How do I add an SSL certificate to a django nanode?

I have my nanode with django already set up, added a domain name to it, and i would like to know how i could add an SSL certificate (preferrably by Let's Encrypt) to it, so that i can use https instead of http. Any help would be appreciated.

4 Replies

Thank you @stevewi, but the django installation was done through the linode marketplace. Certbot installation instructions require me to know two things: The hosting software, (apache, nginx or other) and the operating system.
All i got to choose while setting up a server with linode was the operating system (for which i chose debian 10), but it never asked me to install any web server application. So I would assume it's not running any except the default django "runserver" command.

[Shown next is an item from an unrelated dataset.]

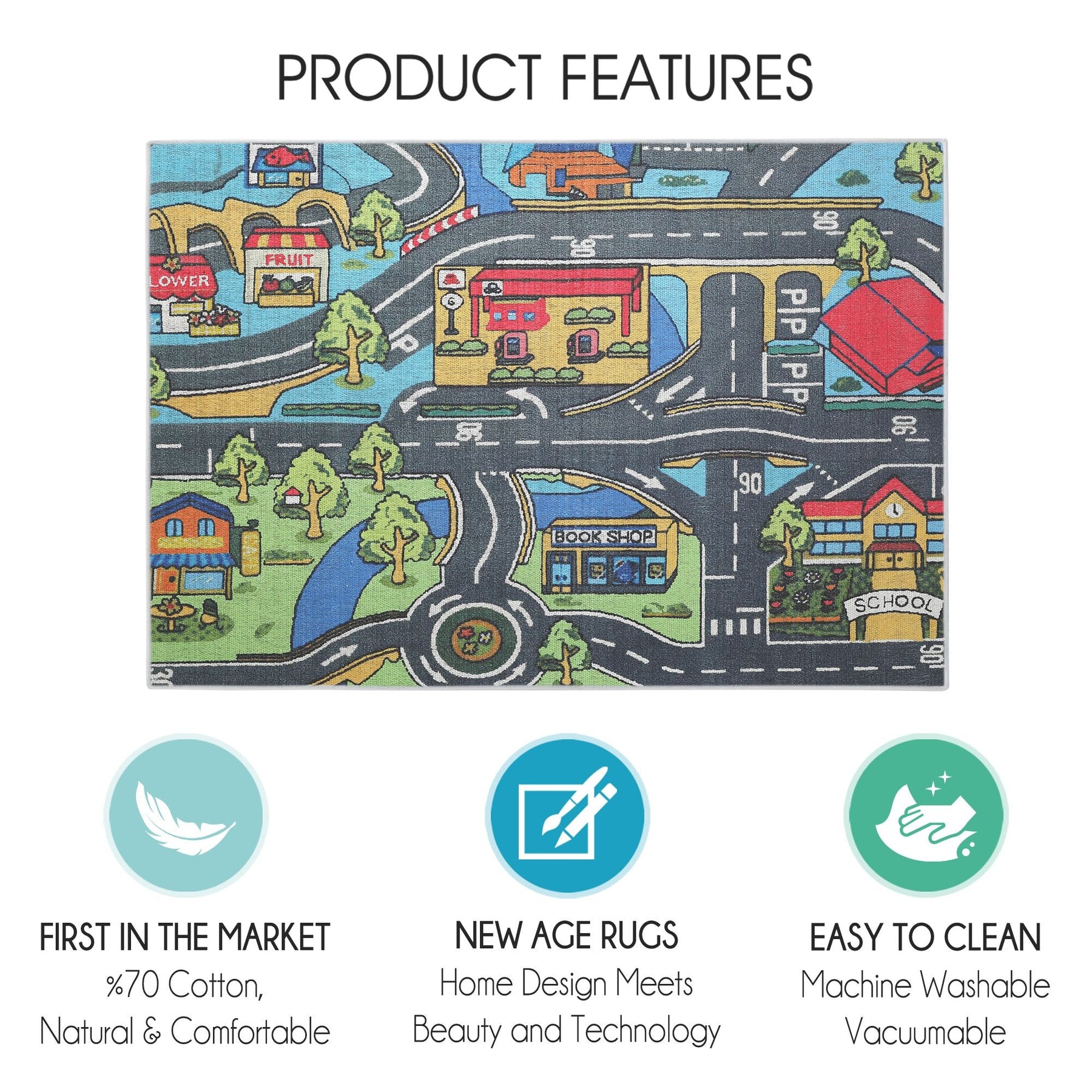 Low Pile- Non-Slip- Educational Kids Rug for Playroom |Road Pattern |39.5 x 59 Inches
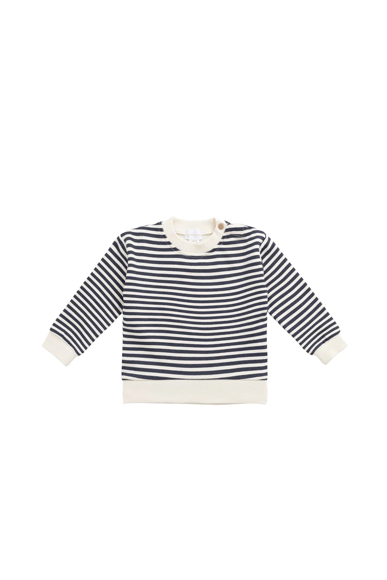 Soft sweatshirt featuring a slim horizontal stripe of ivory and navy blue. Relaxed fit for easy layering.

Does that mean I can't install certbot on the marketplace version of django? And if it does, does that mean i can't use the marketplace version of django for a "real" django site?
Because at the very least i would expect to be able to run a site that people can actually open, rather than greet them with a "this site is not secure" message.

I wrote up instructions for adding HTTPS to your Django application a few weeks back. I explain how to use Nginx as a reverse proxy to serve your Django app securely.

You can find them here.

Does that mean I can't install certbot on the marketplace version of django?

I don't know squat about django…and even less about the marketplace. However, the answer to your question is "no".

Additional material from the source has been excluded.